*What the task requires*.
In the listing that follows, find the line with "15일에 배정 예정입니다.", then copy exactly from it through the line with "Наполнитель для кошачьего", leaving out every picture.

*Given entries*.
_____

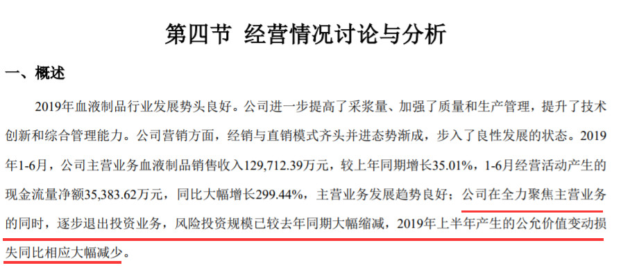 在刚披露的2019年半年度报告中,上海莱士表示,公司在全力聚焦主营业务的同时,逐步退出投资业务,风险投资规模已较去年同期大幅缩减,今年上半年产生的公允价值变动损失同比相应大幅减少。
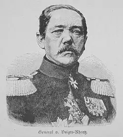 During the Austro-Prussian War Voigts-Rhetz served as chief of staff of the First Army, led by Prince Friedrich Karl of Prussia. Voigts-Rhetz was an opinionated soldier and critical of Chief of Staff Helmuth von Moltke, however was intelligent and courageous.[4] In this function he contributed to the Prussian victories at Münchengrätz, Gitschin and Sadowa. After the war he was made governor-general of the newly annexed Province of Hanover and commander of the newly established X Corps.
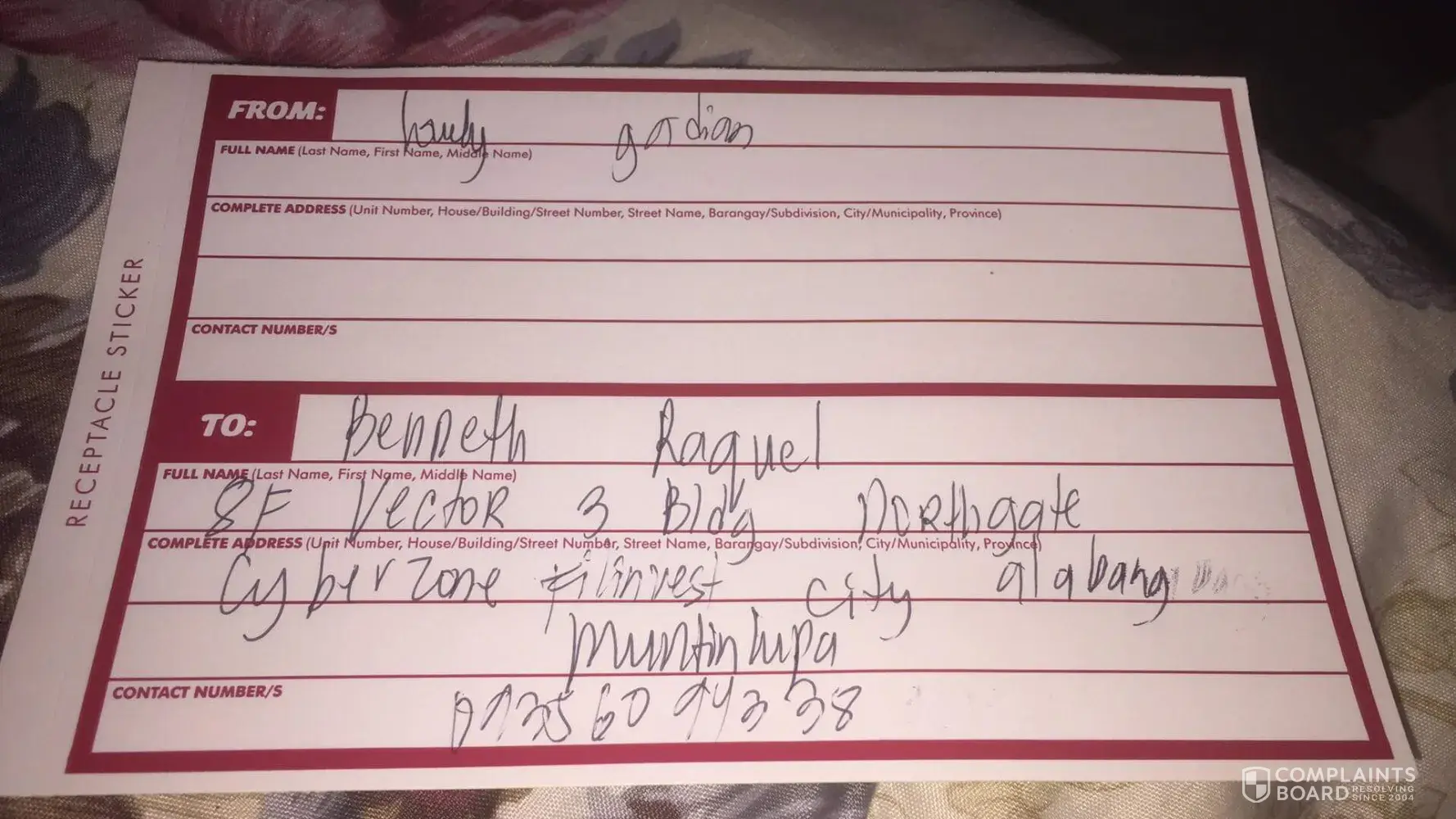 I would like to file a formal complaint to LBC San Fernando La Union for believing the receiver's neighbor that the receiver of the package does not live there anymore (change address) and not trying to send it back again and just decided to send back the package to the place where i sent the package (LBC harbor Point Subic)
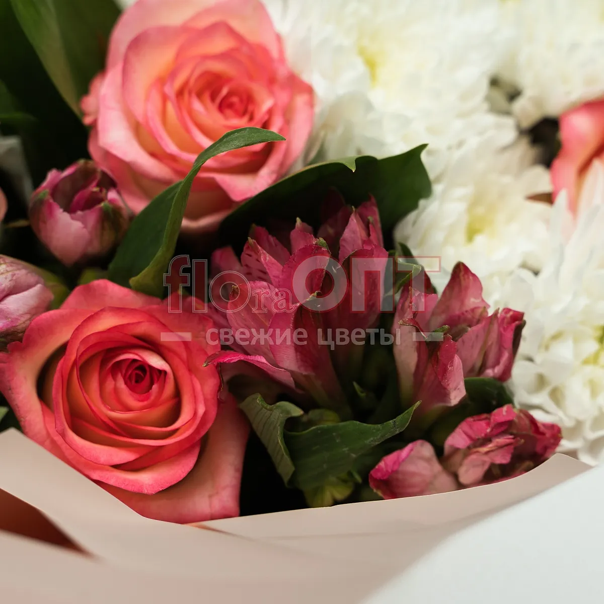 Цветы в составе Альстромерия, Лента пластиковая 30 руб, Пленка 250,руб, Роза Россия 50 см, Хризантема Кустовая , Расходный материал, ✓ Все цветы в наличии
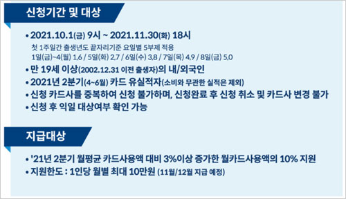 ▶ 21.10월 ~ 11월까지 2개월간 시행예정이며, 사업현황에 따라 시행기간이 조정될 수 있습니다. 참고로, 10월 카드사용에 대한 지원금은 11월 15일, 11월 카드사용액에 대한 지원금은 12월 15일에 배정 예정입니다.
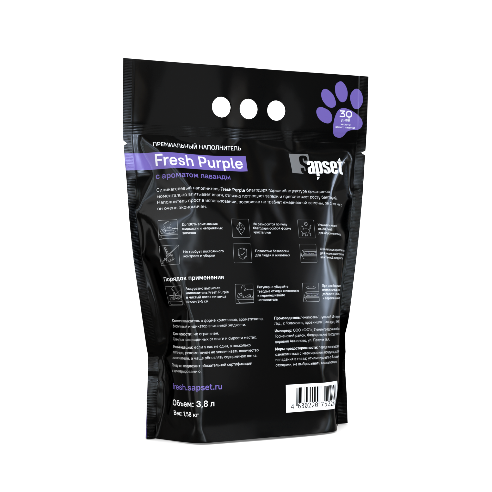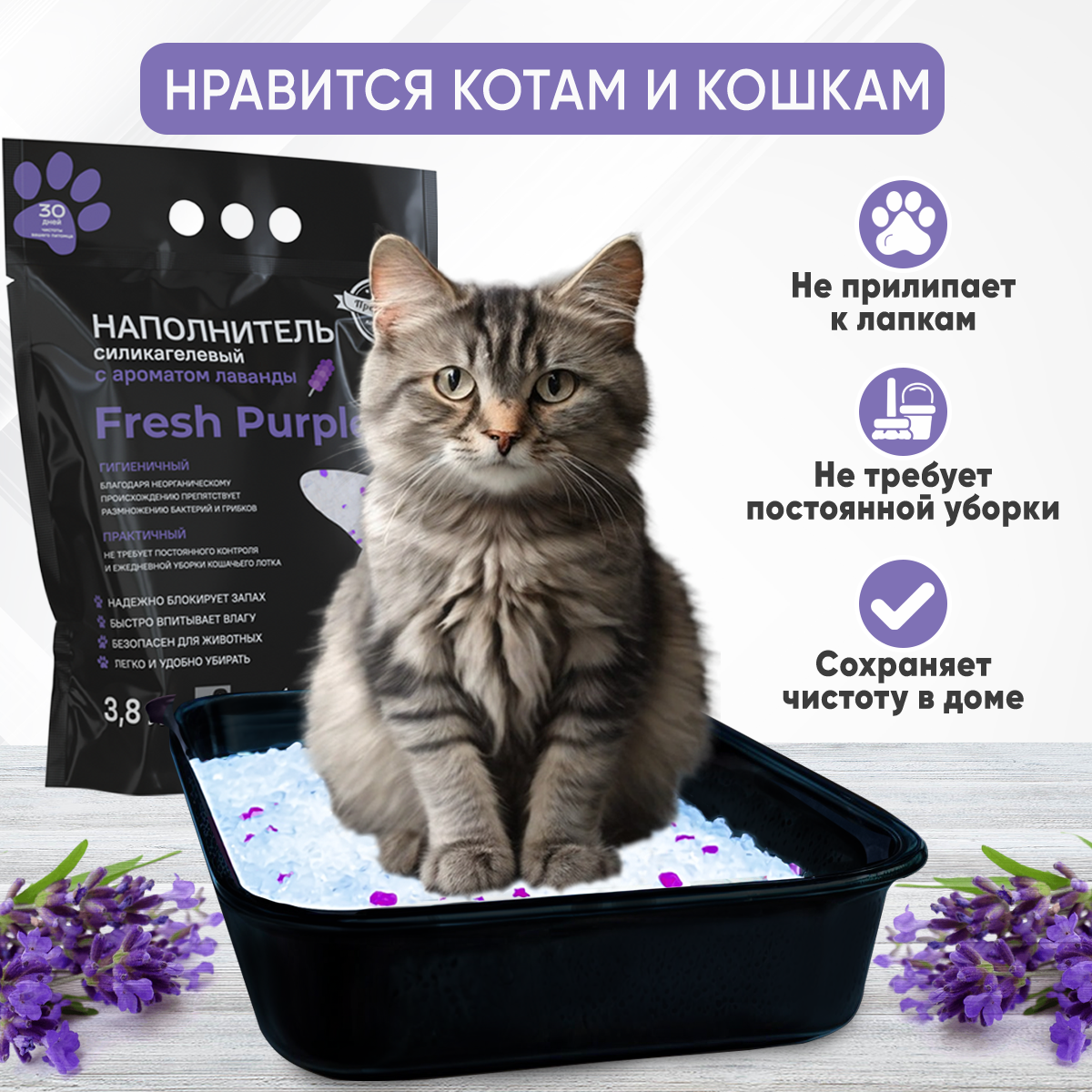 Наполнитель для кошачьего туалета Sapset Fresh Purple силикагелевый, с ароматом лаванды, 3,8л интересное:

_____

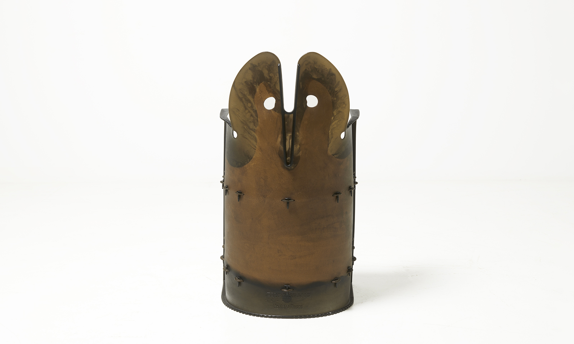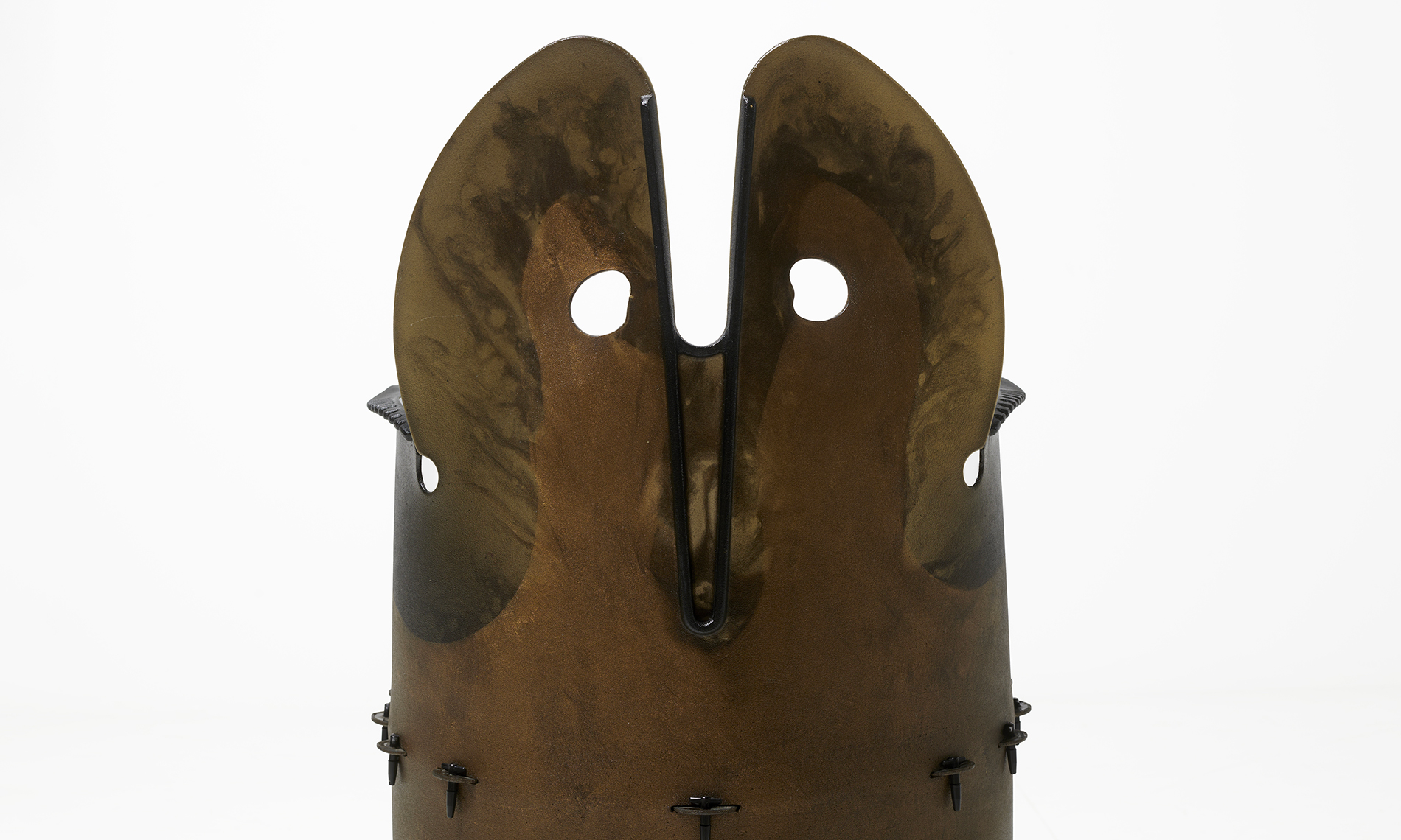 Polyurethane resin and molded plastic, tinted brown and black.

_____

*Answer section*.
 ▶ 21.10월 ~ 11월까지 2개월간 시행예정이며, 사업현황에 따라 시행기간이 조정될 수 있습니다. 참고로, 10월 카드사용에 대한 지원금은 11월 15일, 11월 카드사용액에 대한 지원금은 12월 15일에 배정 예정입니다.
 Наполнитель для кошачьего туалета Sapset Fresh Purple силикагелевый, с ароматом лаванды, 3,8л интересное:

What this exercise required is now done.